14ème législature

Question N° 53051
de M. Damien Abad (Union pour un Mouvement Populaire - Ain )
Question écrite
Ministère interrogé > Justice
Ministère attributaire > Justice

Rubrique > justice

Titre > tribunaux de grande instance

Analyse > avocats. recours. réglementation.

Question publiée au JO le : 01/04/2014 page : 2921
Réponse publiée au JO le : 25/11/2014 page : 9918
Date de changement d'attribution: 27/08/2014
Date de renouvellement: 14/10/2014

Texte de la question

M. Damien Abad attire l'attention de Mme la garde des sceaux, ministre de la justice, sur l'obligation de recourir à un avocat devant le TGI. Devant le tribunal de grande instance, les parties doivent en principe être assistées d'un avocat. Or selon l'article 751 du code de procédure civile, « les parties sont, sauf disposition contraire, tenues de constituer avocat.
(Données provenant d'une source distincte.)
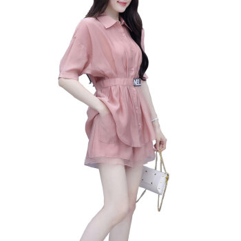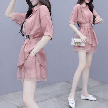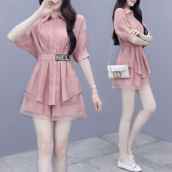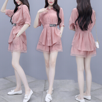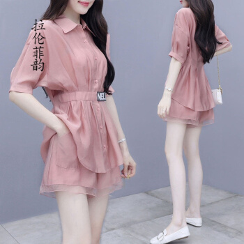 拉伦菲韵 品牌气质女装 棉麻显瘦两件套2020新款夏季休闲时尚短裤套装女洋气粉色减龄 粉色 M |

La constitution de l'avocat emporte élection de domicile ». On peut tout de même se demander s'il est vraiment nécessaire et justifier que les parties aient obligation d'être représentées en cas de litige devant le tribunal de grande instance alors qu'ils peuvent se présenter seuls devant un juge devant d'autres tribunaux (comme le tribunal de commerce, ou le tribunal d'instance). Il est vrai que ces tribunaux sont la plupart du temps des procédures orales. C'est pourquoi il lui demande quelles sont les mesures qu'elle compte prendre sur ce sujet.

Texte de la réponse

En application de l'article 18 du code de procédure civile, les parties peuvent se défendre elles-mêmes, sous réserve des cas dans lesquels la représentation est obligatoire. Devant le tribunal de grande instance, l'article 751 du même code dispose qu'en matière contentieuse « les parties sont, sauf disposition contraire, tenues de constituer avocat ». De telles dispositions contraires sont prévues, par exemple, en matière de retrait d'autorité parentale, de douanes ou de baux commerciaux. Le recours imposé à un avocat est principalement justifié par la complexité de la procédure suivie devant cette juridiction. Alors que les parties sont tenues d'accomplir les actes de la procédure dans les formes et délais requis, il est dans leur intérêt d'être représentées par un avocat. Au demeurant, une telle exigence est parfaitement conforme au droit européen et international. Si les normes européennes ou internationales visent à garantir les droits procéduraux fondamentaux de « toute personne », celles-ci ne font pas obstacle à ce que soient prévus, dans les législations internes, des cas de représentation obligatoire. Ainsi, selon la jurisprudence bien établie de la Cour européenne des droits de l'Homme, l'obligation de constituer avocat pour s'adresser, en l'espèce à une juridiction suprême, n'est pas incompatible avec le droit d'accès à un tribunal (CEDH, 24 nov.1986, n° 9063/80, Gillow c/Royaume-Uni ; CEDH, 26 juillet 2002, n° 32911/96, 35237/97 et 34595/97, Meftah c/France). De même, par une décision du 11 janvier 1995 (H. G. c/France, n° 24013/94), la Cour européenne des droits de l'Homme, après avoir rappelé sa jurisprudence constante selon laquelle l'article 6-1 de la convention européenne des droits de l'Homme ne s'oppose pas à ce que les Parties Contractantes réglementent l'accès des justiciables aux tribunaux, pourvu que cette réglementation ait pour but d'assurer une bonne administration de la justice, a retenu que « l'obligation imposée aux justiciables qui se présentent devant certaines juridictions de se faire représenter par un professionnel du droit vise de toute évidence à assurer une bonne administration de la justice », pour déclarer irrecevable la requête d'un justiciable arguant de ce qu'il avait été contraint de constituer avocat en application notamment de l'article 751 du code de procédure civile. Notre système étant conforme aux standards européens, il n'est en l'état, pas envisagé de supprimer la représentation obligatoire.